The Lake Region Healthcare hospital, his ex-employer, insisted he was fired because his views were no longer congruent with the hospital’s.

In other words, because shut up.

The hospital managers expounded on that. From their spokesman:

To be clear, this was a decision that was made by Dr Horak’s peers who serve on the Medical Group Board, not by Lake Region Healthcare[.]

Finger-pointing and blame-shifting regarding who did the canceling.

In this fashion, too, because shut up.

Fantasy World

President Joe Biden and his Progressive-Democratic Party syndicate now want to tax unrealized gains in order to raise money. WSJ‘s Editors are being generous when they call the move a mirage.

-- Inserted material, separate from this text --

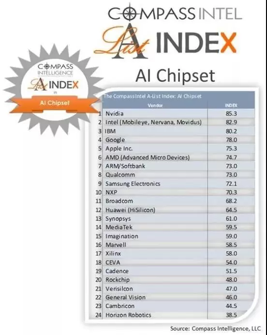 下面这张图是Compass Intelligence公布的全球AI芯片榜单。因为AI芯片目前在终端应用极少,所以榜单头部的排名可以近似的认为就是云端AI芯片的目前市场格局。

Unrealized capital gains are gains in the value of an asset that are thought to have accrued between the time of acquisition and the present time, but that haven’t been “realized,” the asset hasn’t actually been sold and a profit actually collected. That’s just one aspect of the concept of unrealized gain, though.

Another aspect is especially critical: who makes the assessment of value increase? For instance,

A tax court this year ruled that the late entertainer Michael Jackson’s “likeness and image” were worth about $157 million less than the IRS claimed.

That’s Government making the assessment of the present value of an asset before the asset has been sold and not the free market making an empirical assessment based on the actual sale price. This time, Government was caught out and reversed. But under the Progressive-Democrats’ latest tax scheme? Asset owners might not be so lucky.

Progressive-Democrats are living in fantasy land in terms of what average Americans want from our economy and for ourselves.

Now the Progressive-Democrats want the IRS to move into fantasy land with them. Unrealized gains are just that—they don’t exist, they’re purely fantasy.

Separately,

The IRS will have to hire many more auditors [to make such assessments]….

Of course it will. It’s part of the Progressive-Democrats’ Build Government Bigger plan.